- INPUT DATA -
»»
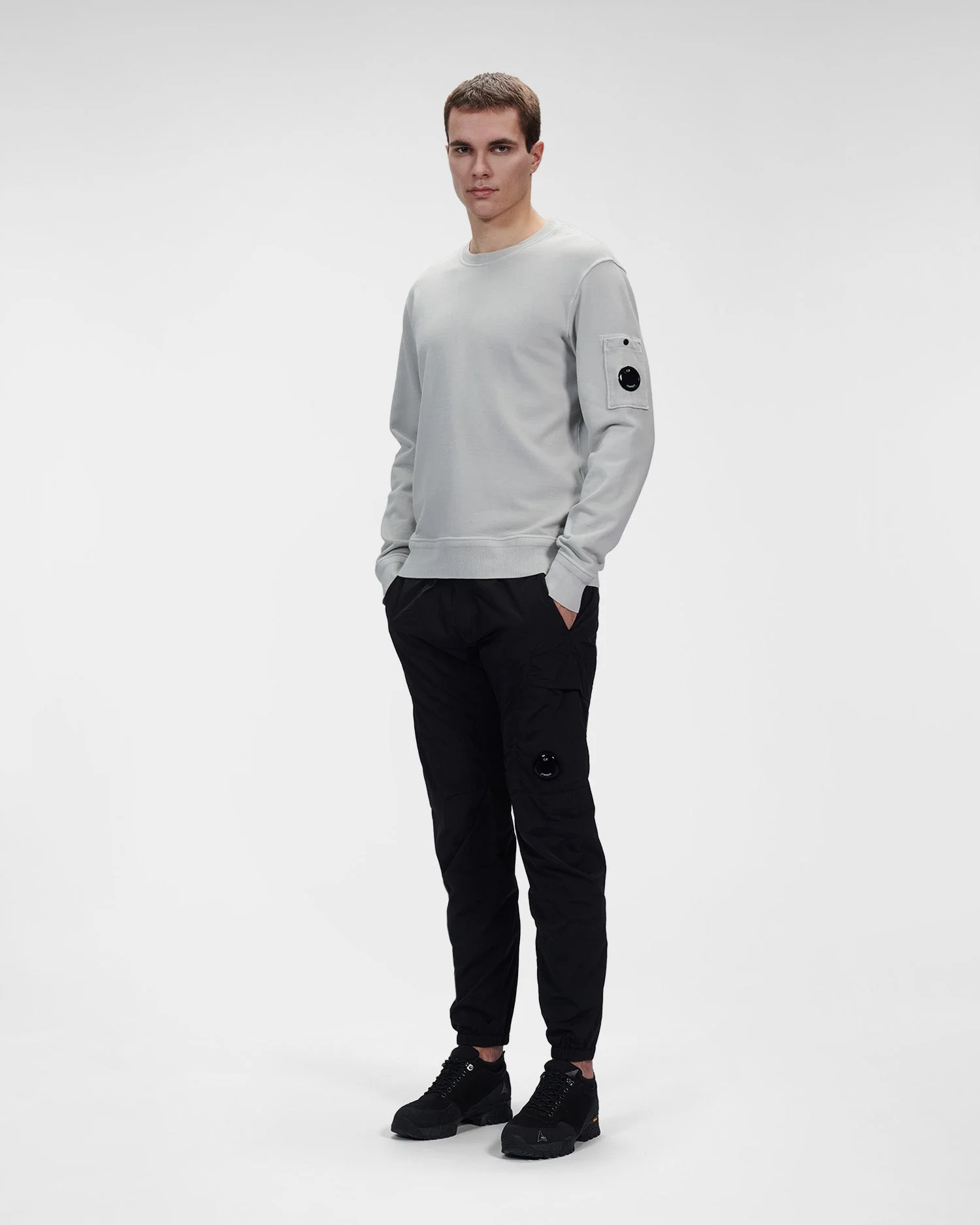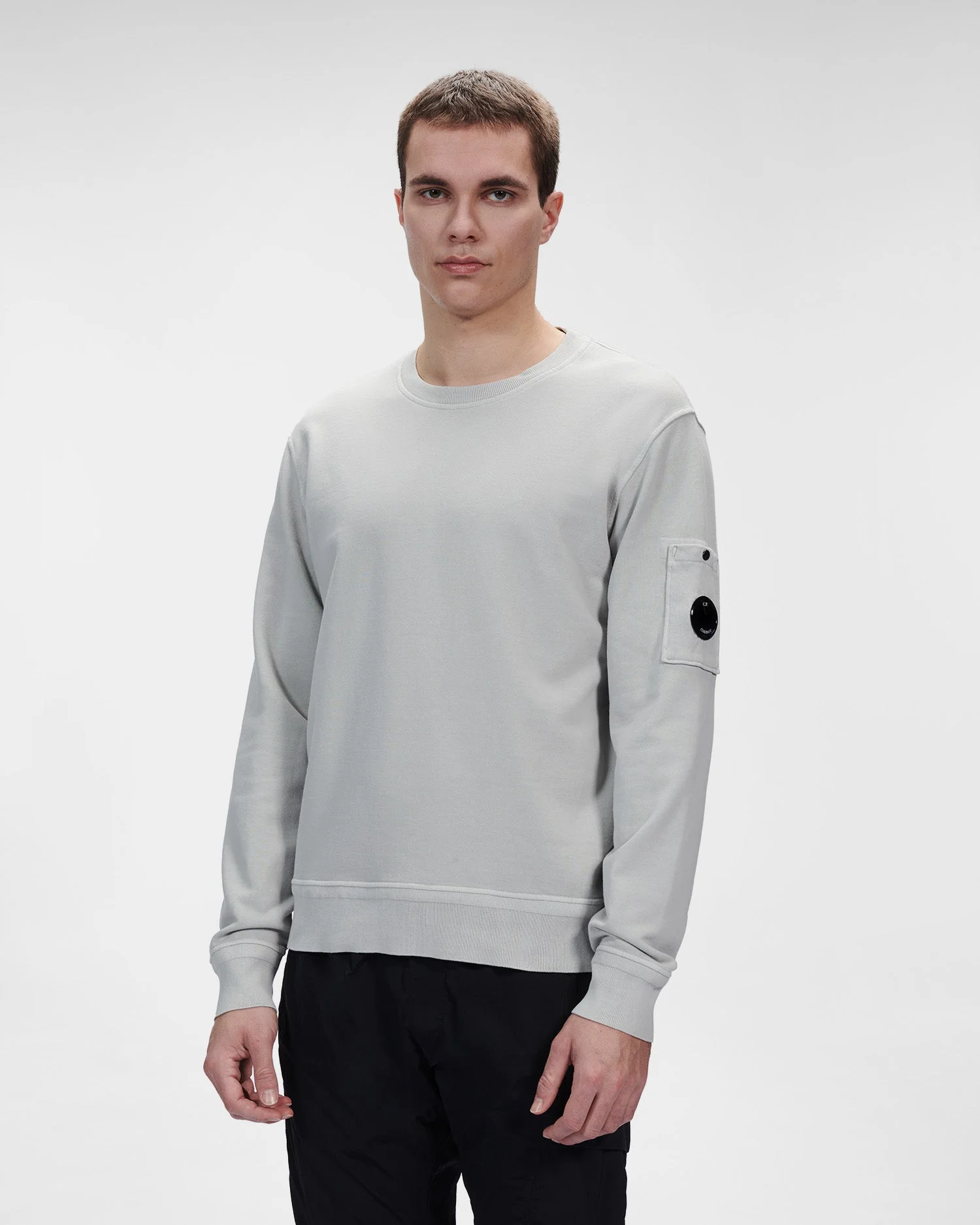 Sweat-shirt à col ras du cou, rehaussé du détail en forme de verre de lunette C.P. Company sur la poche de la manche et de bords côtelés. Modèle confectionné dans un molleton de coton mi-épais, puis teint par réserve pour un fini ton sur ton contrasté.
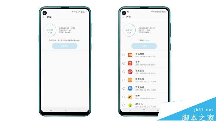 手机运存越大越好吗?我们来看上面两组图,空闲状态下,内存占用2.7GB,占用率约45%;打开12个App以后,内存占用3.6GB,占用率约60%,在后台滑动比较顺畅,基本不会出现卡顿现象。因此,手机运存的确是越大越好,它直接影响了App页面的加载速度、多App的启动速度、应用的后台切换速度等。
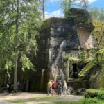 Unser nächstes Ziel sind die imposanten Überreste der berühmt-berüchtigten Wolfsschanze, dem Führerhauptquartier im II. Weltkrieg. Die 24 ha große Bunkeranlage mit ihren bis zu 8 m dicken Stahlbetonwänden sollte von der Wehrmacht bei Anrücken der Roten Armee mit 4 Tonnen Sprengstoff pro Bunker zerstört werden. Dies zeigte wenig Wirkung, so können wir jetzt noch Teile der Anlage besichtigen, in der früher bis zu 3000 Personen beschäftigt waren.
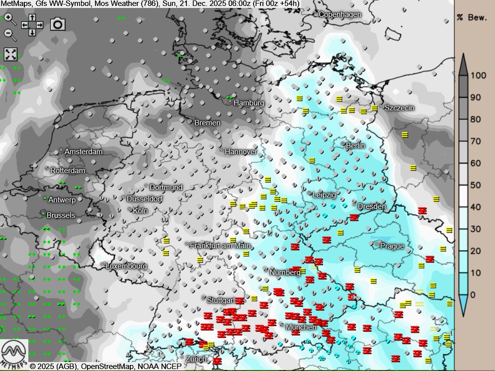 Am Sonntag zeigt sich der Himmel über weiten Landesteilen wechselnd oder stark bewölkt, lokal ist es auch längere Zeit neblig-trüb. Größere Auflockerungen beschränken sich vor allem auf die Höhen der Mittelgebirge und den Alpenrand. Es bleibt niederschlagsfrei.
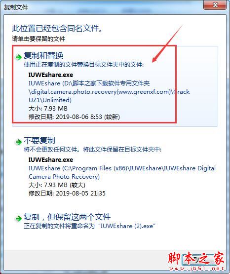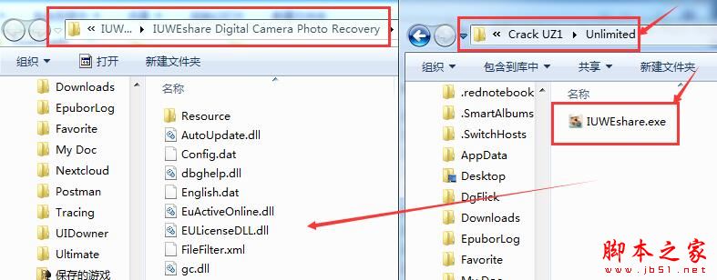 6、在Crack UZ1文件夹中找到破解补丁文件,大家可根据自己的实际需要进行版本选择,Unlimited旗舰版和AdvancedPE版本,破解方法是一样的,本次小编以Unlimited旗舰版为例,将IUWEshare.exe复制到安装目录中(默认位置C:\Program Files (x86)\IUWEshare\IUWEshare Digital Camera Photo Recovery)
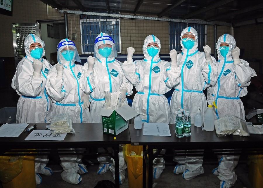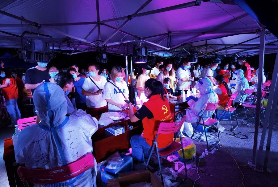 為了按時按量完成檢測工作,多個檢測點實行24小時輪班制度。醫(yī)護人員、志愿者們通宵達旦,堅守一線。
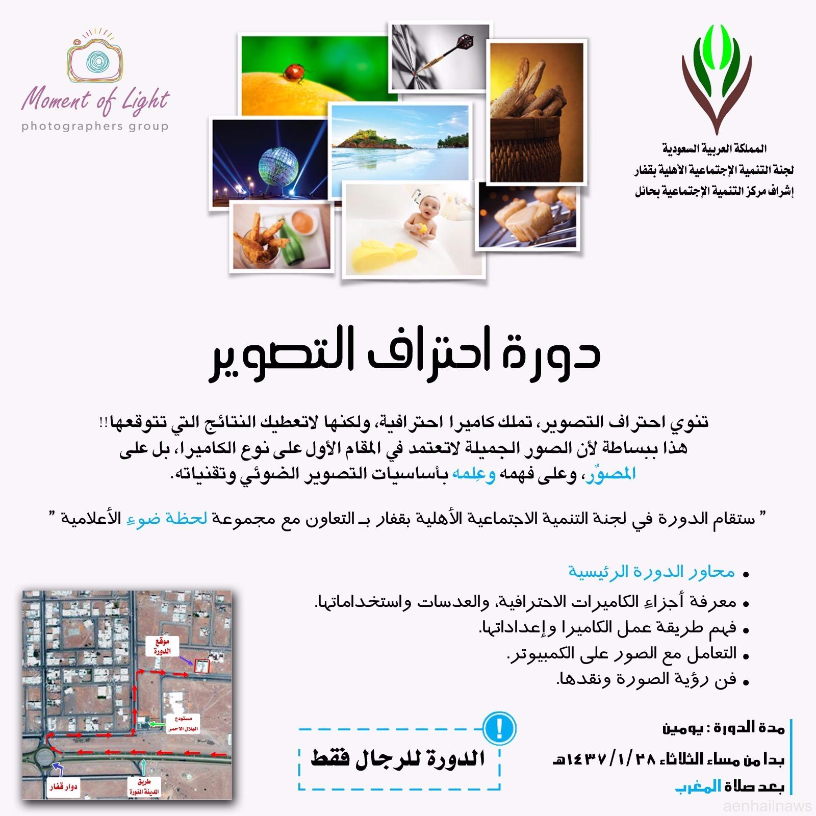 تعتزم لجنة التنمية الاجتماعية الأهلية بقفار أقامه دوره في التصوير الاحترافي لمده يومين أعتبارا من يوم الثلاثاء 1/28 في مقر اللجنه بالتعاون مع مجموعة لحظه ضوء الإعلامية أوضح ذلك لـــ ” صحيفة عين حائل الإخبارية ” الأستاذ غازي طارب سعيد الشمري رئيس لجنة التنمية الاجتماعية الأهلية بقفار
««
The task requires the full listing to be given again verbatim, without its pictures.

 Sweat-shirt à col ras du cou, rehaussé du détail en forme de verre de lunette C.P. Company sur la poche de la manche et de bords côtelés. Modèle confectionné dans un molleton de coton mi-épais, puis teint par réserve pour un fini ton sur ton contrasté.
 手机运存越大越好吗?我们来看上面两组图,空闲状态下,内存占用2.7GB,占用率约45%;打开12个App以后,内存占用3.6GB,占用率约60%,在后台滑动比较顺畅,基本不会出现卡顿现象。因此,手机运存的确是越大越好,它直接影响了App页面的加载速度、多App的启动速度、应用的后台切换速度等。
 Unser nächstes Ziel sind die imposanten Überreste der berühmt-berüchtigten Wolfsschanze, dem Führerhauptquartier im II. Weltkrieg. Die 24 ha große Bunkeranlage mit ihren bis zu 8 m dicken Stahlbetonwänden sollte von der Wehrmacht bei Anrücken der Roten Armee mit 4 Tonnen Sprengstoff pro Bunker zerstört werden. Dies zeigte wenig Wirkung, so können wir jetzt noch Teile der Anlage besichtigen, in der früher bis zu 3000 Personen beschäftigt waren.
 Am Sonntag zeigt sich der Himmel über weiten Landesteilen wechselnd oder stark bewölkt, lokal ist es auch längere Zeit neblig-trüb. Größere Auflockerungen beschränken sich vor allem auf die Höhen der Mittelgebirge und den Alpenrand. Es bleibt niederschlagsfrei.
 6、在Crack UZ1文件夹中找到破解补丁文件,大家可根据自己的实际需要进行版本选择,Unlimited旗舰版和AdvancedPE版本,破解方法是一样的,本次小编以Unlimited旗舰版为例,将IUWEshare.exe复制到安装目录中(默认位置C:\Program Files (x86)\IUWEshare\IUWEshare Digital Camera Photo Recovery)
 為了按時按量完成檢測工作,多個檢測點實行24小時輪班制度。醫(yī)護人員、志愿者們通宵達旦,堅守一線。
 تعتزم لجنة التنمية الاجتماعية الأهلية بقفار أقامه دوره في التصوير الاحترافي لمده يومين أعتبارا من يوم الثلاثاء 1/28 في مقر اللجنه بالتعاون مع مجموعة لحظه ضوء الإعلامية أوضح ذلك لـــ ” صحيفة عين حائل الإخبارية ” الأستاذ غازي طارب سعيد الشمري رئيس لجنة التنمية الاجتماعية الأهلية بقفار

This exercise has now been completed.